LNC2
29 rue d'Ulm
75005 Paris France
Alzheimer’s disease (AD) is characterized by progressive cognitive deterioration from early mild cognitive impairment (MCI)) to dementia. The multi-scale causes of such pathologies, from the subcellular to the brain level, remain elusive to experimental approaches alone. The masters project is geared towards developing new models of cell-specific pathologies associated with AD and examining their effects at teh population and functional level. Specifically the models developed will identify AD-linked beta amyloid (Ba) role in neural activity alterations and cognitive impairments. The models, constrained by state-of-the-art data, will relate abnormalities at the receptor and cellular level with deficits in cognitive functions. We will focus on data-based modeling of early AD when low levels of Ba interact with elements of the neuronal circuit (data from collaborator labs). We will examine the Ba action through nicotinic acetylcholine receptors (NNRs) on brain activity seen in AD/MCI: notably the hyperfrontality and perturbations of the theta rhythm.
The intern taking part in this project will work on one of the two aspects to specifically delineate the role of Ba action on NNRs of multiple subtypes (homomeric alpha7, heteromeric alpha7, beta2, alpha 5) in 1. the progressive onset of fronto-cortical hyperactivity or 2. the role of Ba-a7 action on failure of theta rhythm in the hippocampus. This they will be able to participate in one of two specific Aims:
Aim1: Guided by cutting edge data from Maskos lab (Pasteur Institute), we will build on our earlier developed models of NNR action in PFC circuitry to discover precise mechanisms by which soluble Ba acts on the NNR expressed on inhibitory circuitry to provoke hyperactivity.

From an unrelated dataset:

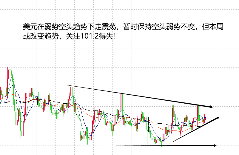 美元依旧在空头趋势下走低位震荡,保持在101.8附近不变,本周的重点不是看技术面表现,而是关注市场变化,市场重点在美联储利率决议和2月非农数据上,周评讲过,此次机会将改变美元,黄金市场暂时的焦虑,美元可形成上涨至102.5,105,或者更高的空间。周初还是空头趋势,看技术面表现,周线在底部收小阳,日线在底部连阳,暂时有可能形成底部形态,等待日线收大阳,再看大涨空间。

Aim2: Guided by data from Yakel lab (NIEHS) our framework will extend to a mesoscopic spiking circuit model of theta induction in the hippocampus and Ba-a7 induced dynamics pathology.
Aim3: We will use these to model key cognitive tasks (e.g. working memory) and identify links between Ba-NNR pathways and MCI. We will profile potential nicotinic agents for functional amelioration.
Intern will receive training in computational modelling, analysis and the neurobiology of AD. Intern will take part in the scientific life of the GNT: seminars, lectures, presentations.